HOW TO COMPLETE THIS TASK: Although the records contain pictures, none belong in the copy: restate word for word only the lines from the one with "1≤i≤n 的整數 i,a[i]≥1。" through the one with "Brown soft silk", both included.

TASK DATA:
*** Block opens ***

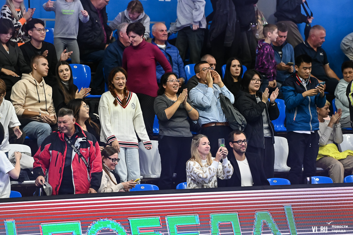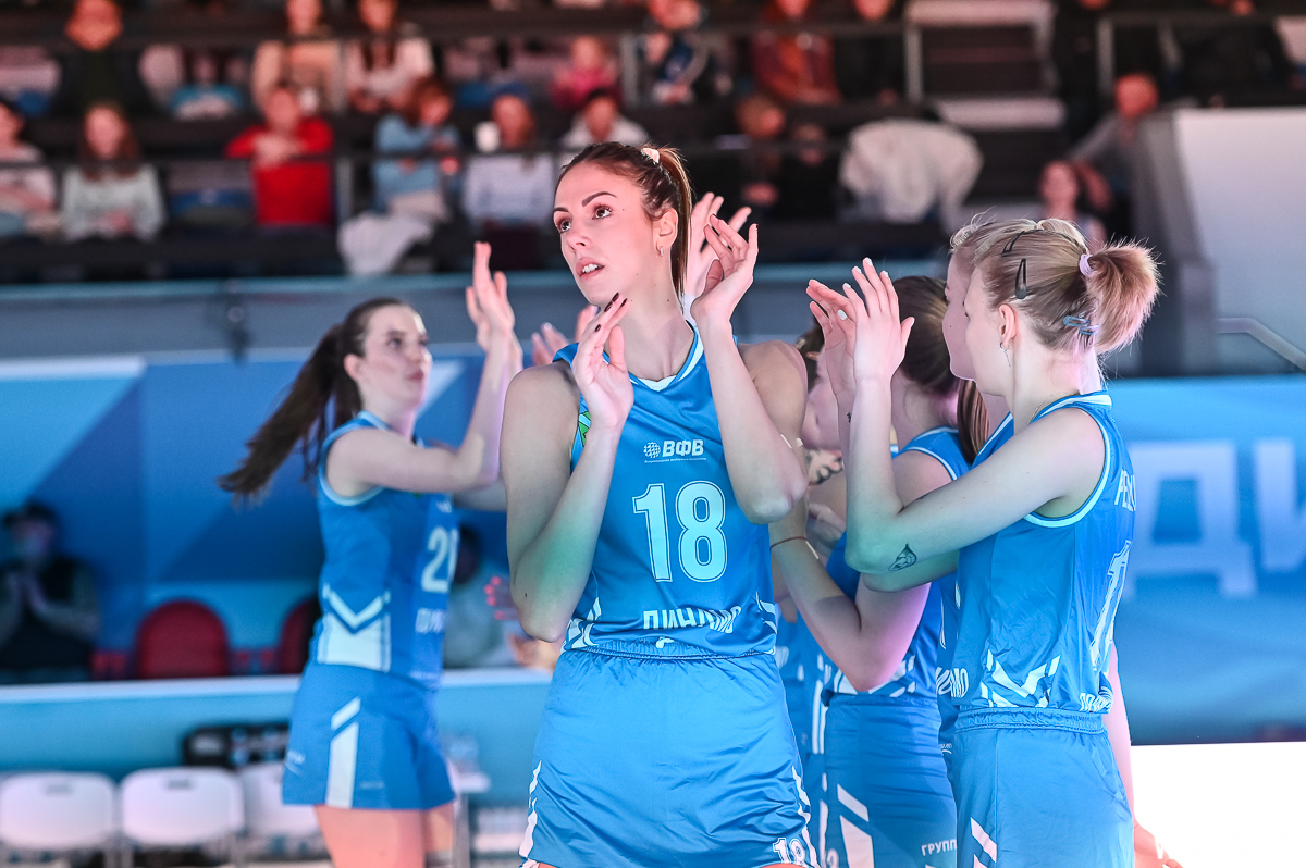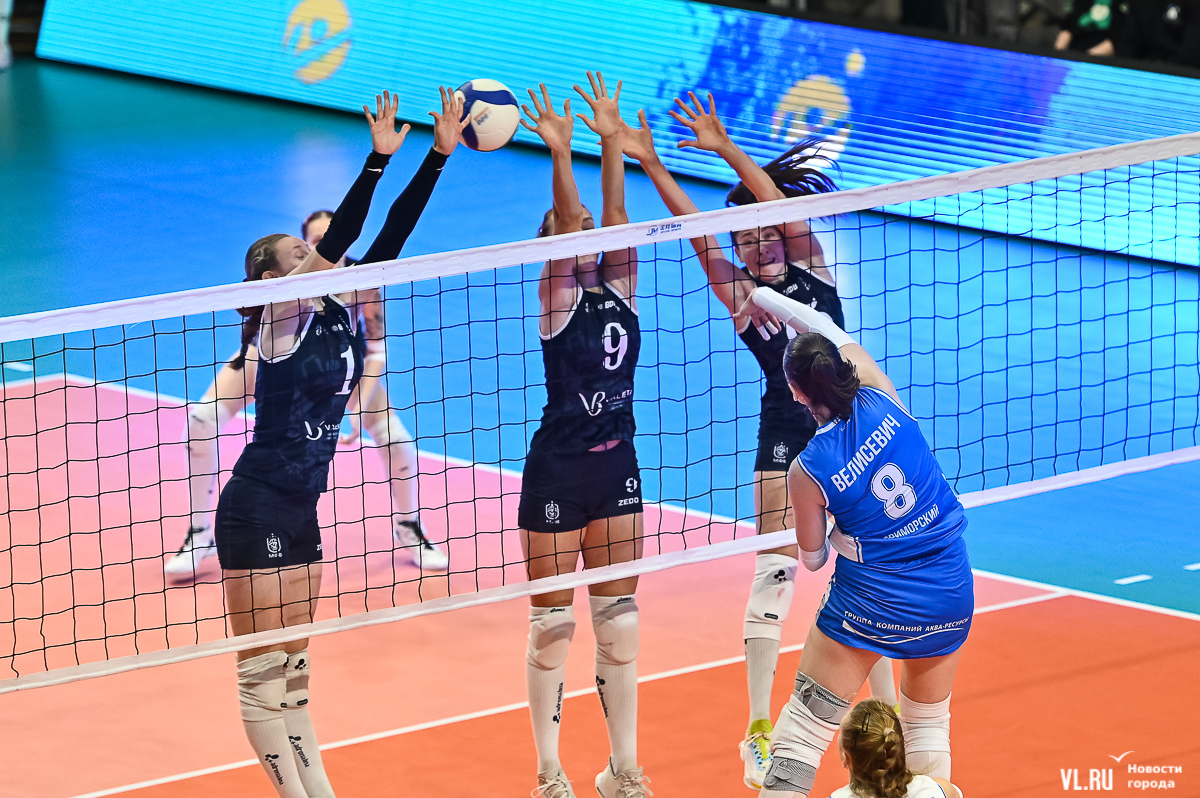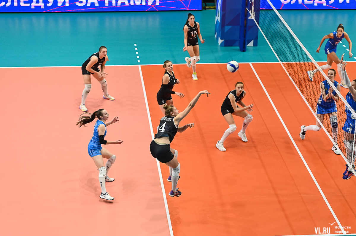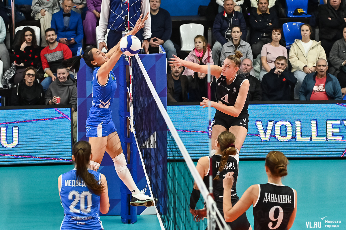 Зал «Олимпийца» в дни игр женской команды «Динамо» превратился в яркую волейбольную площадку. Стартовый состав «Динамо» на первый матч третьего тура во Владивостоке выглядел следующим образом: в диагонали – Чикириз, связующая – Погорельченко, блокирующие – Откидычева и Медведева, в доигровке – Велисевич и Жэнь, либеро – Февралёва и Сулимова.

*** Block closes ***
*** Block opens ***

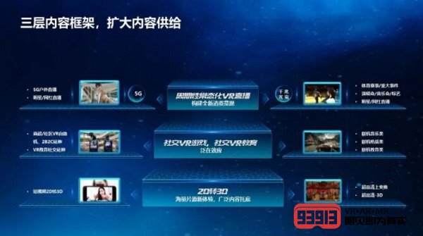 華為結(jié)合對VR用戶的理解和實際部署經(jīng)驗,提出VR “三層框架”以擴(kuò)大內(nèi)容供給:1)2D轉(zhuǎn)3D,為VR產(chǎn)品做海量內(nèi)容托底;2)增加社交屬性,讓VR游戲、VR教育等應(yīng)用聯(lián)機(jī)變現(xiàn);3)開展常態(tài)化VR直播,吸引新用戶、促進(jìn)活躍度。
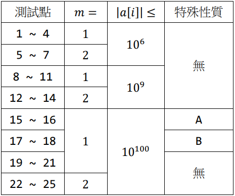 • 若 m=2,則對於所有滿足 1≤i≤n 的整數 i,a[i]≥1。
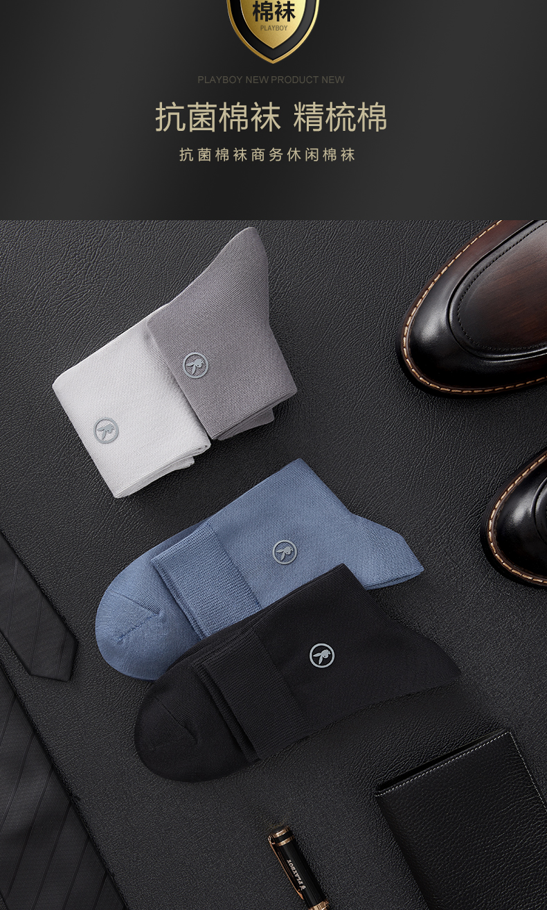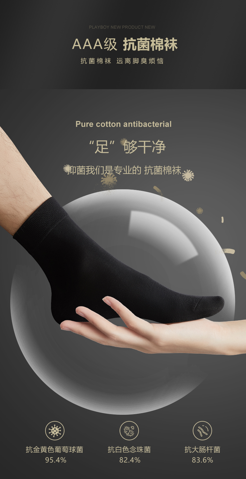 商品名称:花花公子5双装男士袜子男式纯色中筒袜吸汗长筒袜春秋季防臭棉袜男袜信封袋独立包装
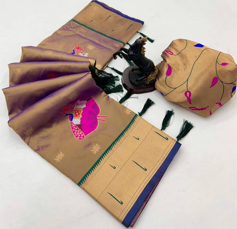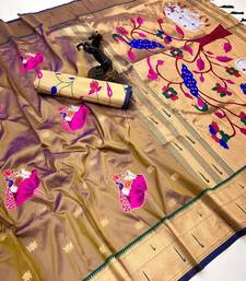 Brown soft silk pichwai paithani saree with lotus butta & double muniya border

*** Block closes ***

SOLUTION TO THE EXERCISE:
 • 若 m=2,則對於所有滿足 1≤i≤n 的整數 i,a[i]≥1。
 商品名称:花花公子5双装男士袜子男式纯色中筒袜吸汗长筒袜春秋季防臭棉袜男袜信封袋独立包装
 Brown soft silk pichwai paithani saree with lotus butta & double muniya border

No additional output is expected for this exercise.